Bollinger Bands Commodity Trading Price Action in Ranging Commodity Trading Markets
Bollinger Bands Commodity Trading Indicator is also used to identify periods when a commodity market trend is overextended. The guidelines below are considered when applying this commodity indicator to a sideways commodities trend.
Bollinger Bands Commodity Trading Indicator is very important because it is used to give commodity trading signals that a commodity price breakout may be upcoming.
During a commodity trending market these techniques do not hold, this only holds as long as Bollinger Bands are pointing sideways.
- If the commodities trading market commodity price touches the upper band it can be considered overextended on the upside - overbought.
- If the commodities trading market commodity price touches the lower band the commodity price can be considered overextended on the bottom side - oversold.
One of the uses of Commodity Trading Bollinger Band indicator is to use the above overbought and oversold commodity trading guidelines to establish buy and sell targets during a ranging commodity market.
- If commodity price has bounced off the lower band crossed the center-line moving average then the upper band can be used a sell level.

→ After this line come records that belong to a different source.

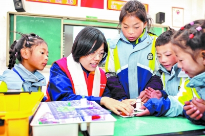 近日,国网杭州供电公司志愿者到白玉县麻绒乡中心小学开展“好好睡觉”公益活动,不仅为孩子们送去床铺冬被冬衣等御寒物资和电脑、打印机等学习硬件设备,还为孩子们开设了用电知识小课堂,通过电力积木的使用传递电力基础知识和安全用电知识等。(吴忱/摄)
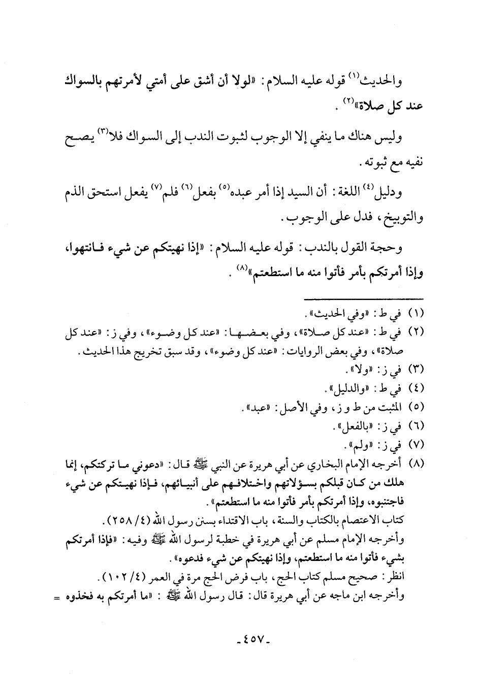 (¬8) أخرجه الإمام البخاري عن أبي هريرة عن النبي - صلى الله عليه وسلم - قال: "دعوني ما تركتكم، إنما هلك من كان قبلكم بسؤلاتهم واختلافهم على أنبيائهم، فإذا نهيتكم عن شيء فاجتنبوه, وإذا أمرتكم بأمر فأتوا منه ما استطعتم".
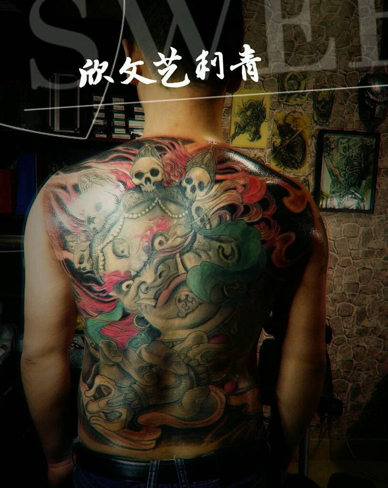 当前位置: 首页 >山东省泰安市纹身店-金门刺青(原欣文艺刺青)纹身图案>满背(大黑天)纹身图片_背部传统人物鬼神成品纹身图案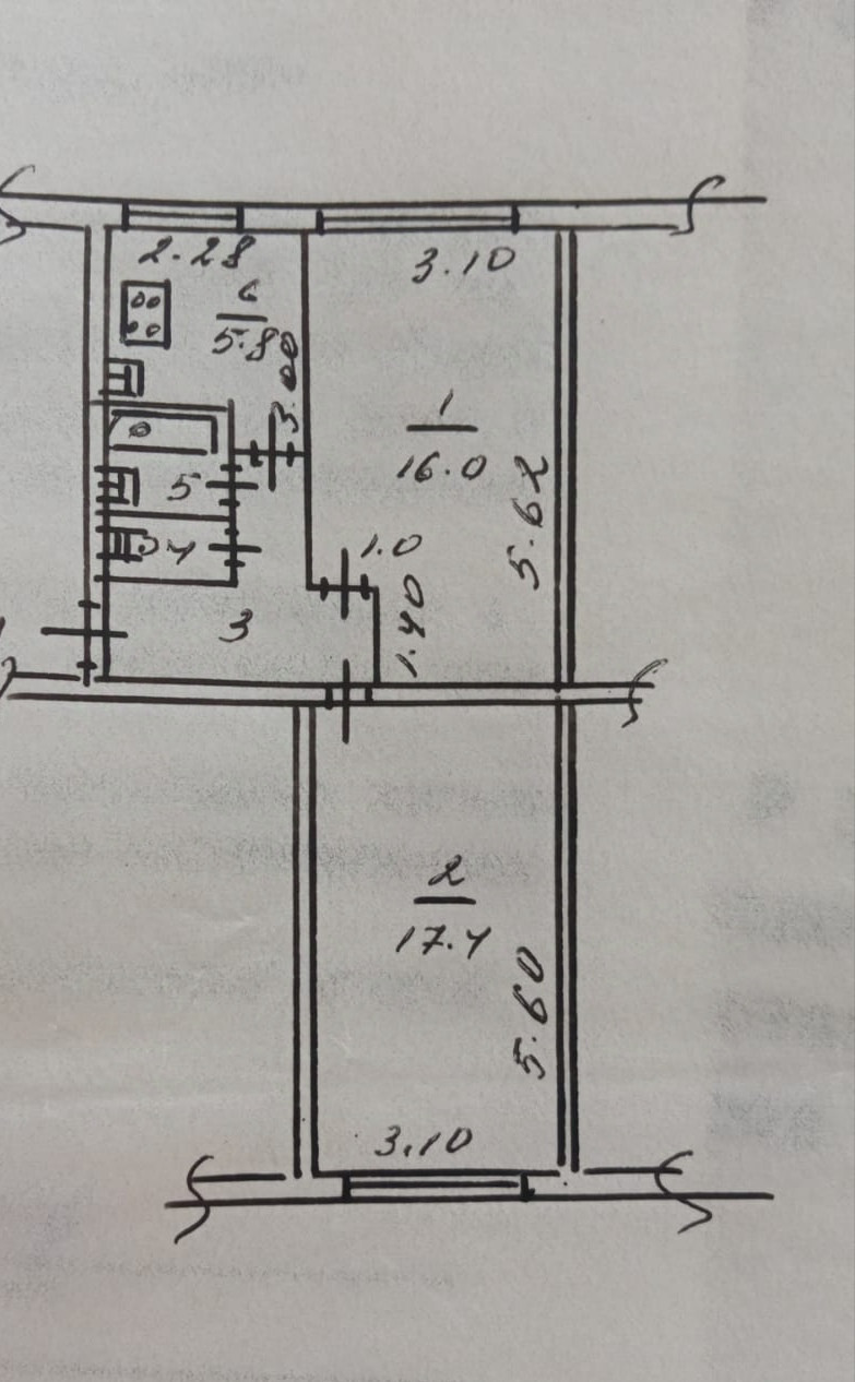 Площадь кухни 5.8 м2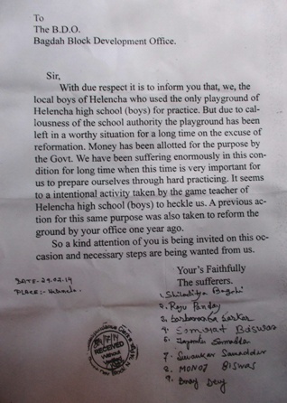 খেলার মাঠ সংস্কারে সীমাহীন গাফিলতির অভিযোগে গত ২৪শে জুলাই হেলেঞ্চার গ্রামবাসীরা ডেপুটেশন দিল বাগদা সমষ্টি উন্নয়ন আধিকারিকের দপ্তরে৷ অভিযোগ কারীরা জানিয়েছেন, উঃ২৪পরগনা জেলার হেলেঞ্চা হাইস্কুল ফুটবল মাঠটি যে শুধু হাইস্কুলের ছাত্র ছাত্রীরা ব্যাবহার করে তাই নয়৷ মাঠটি ভোরে শরীর চর্চার জন্য অত্র এলাকার ছোট থেকে বয়স্ক সবাই ব্যাবহার করে থাকে৷ এ ছাড়াও এলাকার বেকার ছেলেরা সেনাবাহিনীতে যোগদানের প্রস্তুতির প্রশিক্ষনও এই মাঠেই নিয়ে থাকে বলে জানা গেছে৷ অভিযোগ, মাঠ সংস্কারের নামে কিছু মাটি ফেলে ঢিবি করে রেখেছে স্কুল কত্তৃপক্ষ, বারবার হেড মাষ্টার মহাশয় কে জানিয়ে সুরাহা না হওয়ায় শিলাদিত্য বাগচীর নেতৃত্বে রাজু পান্ডে, সর্বেন্দু সরকার মনোজ বিশ্বাস সহ বেশ কয়েকজন এলাকাবাসী বিডিও মালবিকা খাটুয়ার দপ্তরে অভিযোগ করেন৷ হেলেঞ্চার গ্রামবাসী বাগদা ব্লক তৃণমুল কংগ্রেসের সহঃসভাপতি বাগদা পঞ্চায়েত সমিতির পূর্ত কর্মাধক্ষ্য কার্ত্তিক বাইনও ঘটনার সত্যতা স্বীকার করে গভীর উদ্বেগ প্রকাশ করেন৷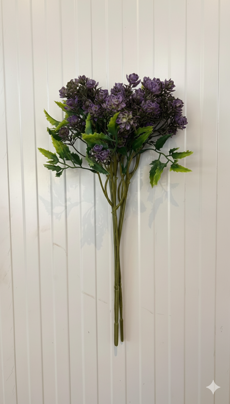 Realistic artificial statice bush with dense clusters of tiny purple blooms and green foliage. Great for adding texture and lasting color to arrangements, wreaths, or home décor.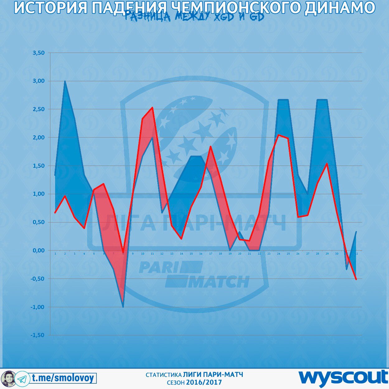 Не сказать, что Динамо по ожиданию (красная линия) творило чудеса, но 5 туров залетало исправно даже не вписывающееся в общую картину (синяя).

- If commodity price bounces down off the upper band crosses below the center moving average the lower band can be used as a buy level.

Bollinger Bands in Ranging Commodity Trading Markets - Bollinger Bands Strategy
In the above ranging commodity market the instances when the price hits the upper or lower bands can be used as profit targets for long/short commodity trade positions.
Commodity trades can be opened when the commodities trading market hits the upper resistance level or lower support level. A stop loss order should be placed a few pips above or below depending on the commodity trade opened, just in case the commodity price action breaks out of the range within these Bollinger bands.